Bottom Story of the Week

Since James Taranto has given up his daily “Best of the Web” column for the Wall Street Journal, others need to fill in the gap, especially his “Bottom Story of the Week” category. And here is another story out of Canada showing that we’re losing our minds:

Moby Dick’s Restaurant Barred as an Offensive Name

VANCOUVER, B.C. (CN) – A business in Vancouver, B.C., has sued its building council for blocking the lease of its restaurant property to “Moby Dick’s” fish-and-chips franchise, because the council says the word “Dick” is offensive.

Plaintiff Mengfa International bought a unit in a commercial building in 2010 and in 2014 leased it to an Asian-fusion restaurant, “The Change,” for five years. The Change fell on hard times, though, and in May 2015, Moby Dick Restaurant, a fish-and-chip franchise, agreed to a lease and purchase arrangement.

The building council wouldn’t allow it. It insisted “that the word ‘Dick’ in Moby Dick was an offensive term,” Mengfa says in its Jan. 9 lawsuit.
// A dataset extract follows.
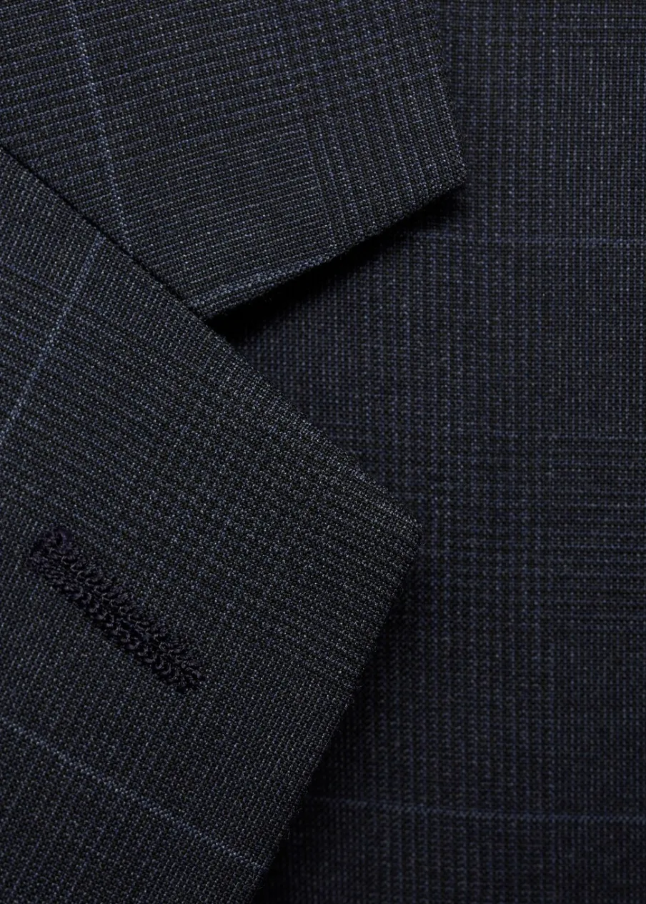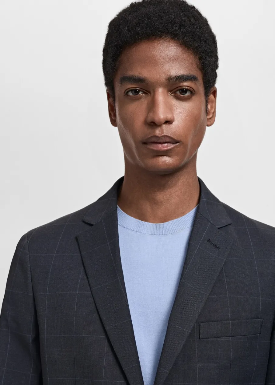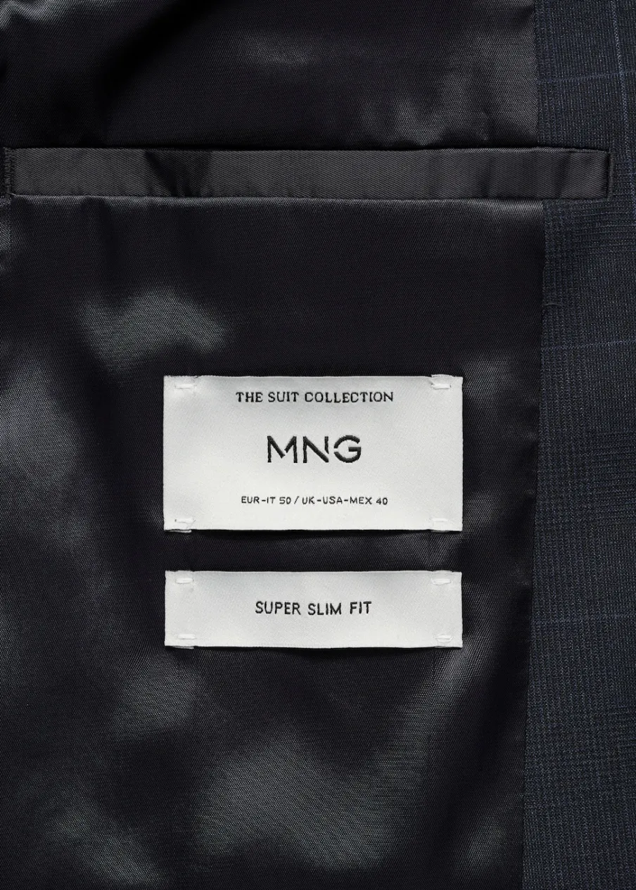 Super slim-fit. Wzór w kratę windowpane. Kołnierz z klapami. Zapięcie na guziki z przodu. Kieszeń wpuszczana na piersi. Dwie wpuszczane kieszenie z patkami z przodu. Dwie szlice z tyłu. Wewnętrzna podszewka. Wewnętrzna kieszeń. Model ma 190 cm wzrostu i nosi rozmiar 50.
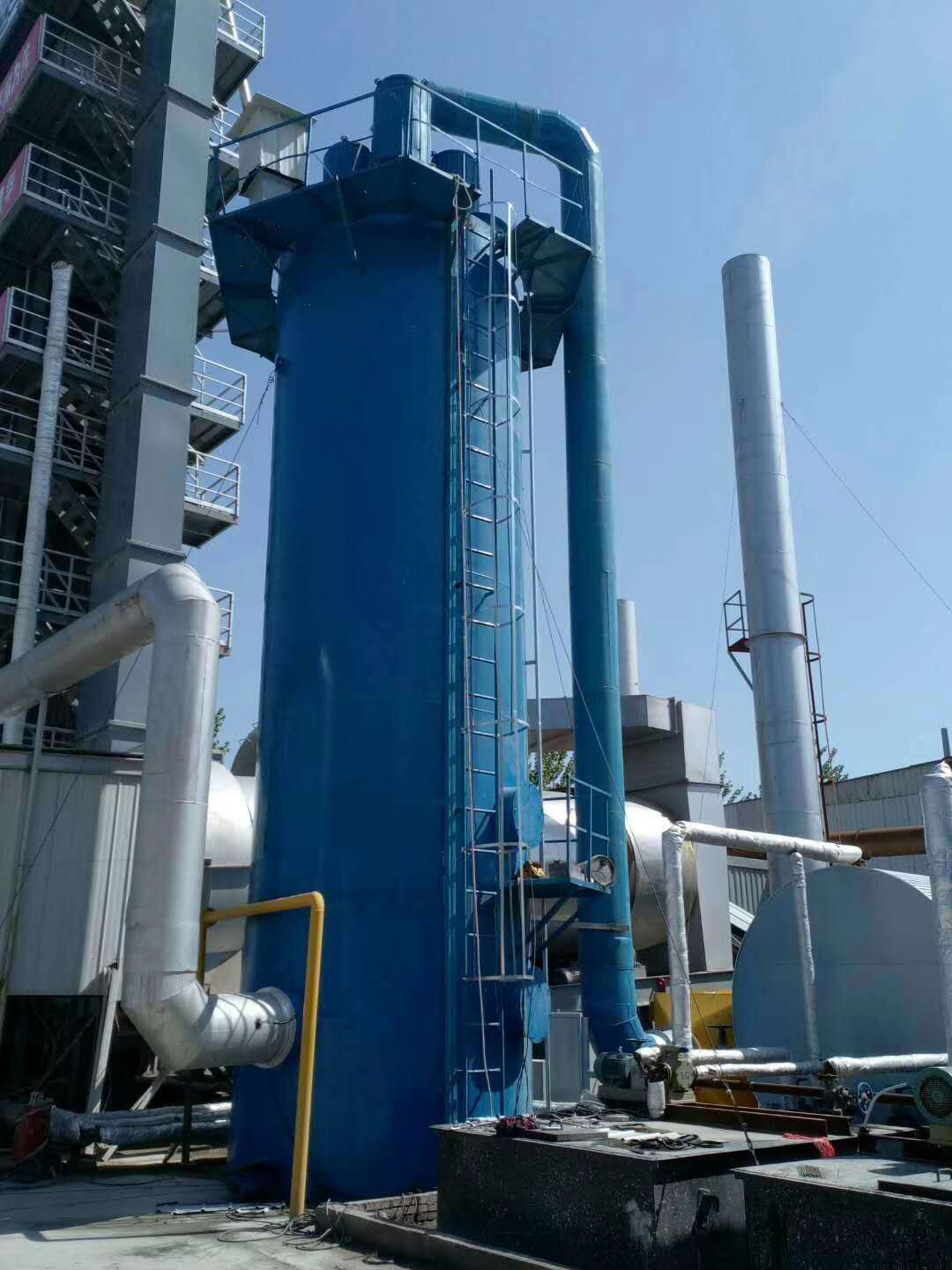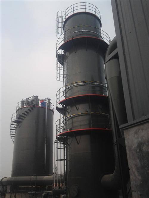 沥青烟气处理使用电捕焦油器,烟气首先经过预处理塔洗涤降温处理。烟气进入预处理塔前的气体温度比较高,其比电阻较高,电捕捕捉困难,通过预处理(水洗降温)把烟气温度降至90℃左右。

Oh for Gawd’s sake. The real absurdity, though, is the fact that the news report thought it necessary to explain that Moby Dick actually involves a literary reference:

The Moby Dick name and logo are “not offensive to the public, given its literary significance and fame”. . .  The story, of course, tells the tale of Captain Ahab, obsessed with finding and killing a great white whale which cost him half a leg. The book ends with its narrator (“Call me Ishmael”) floating on a coffin in the ocean after Moby Dick smashes the whaling ship and kills everyone else in it.

Irony deprived as the media is these days, I guess no one thinks to note that the obsessed Ahabs of our day are the forces of political correctness determined to sniff out any microaggression anywhere. (Though I wonder how this might have played out if Ahab had been after a whale of color instead of a clearly oppressive homicidal white whale?)

Only one thing to do. Yes, you guessed it correctly, with apologies to Anthony Weiner—a dick pic:

Moby Dick

The great prankster Dick Tuck (heh) was not available for comment, apparently because you can’t print his name in the newspaper any more.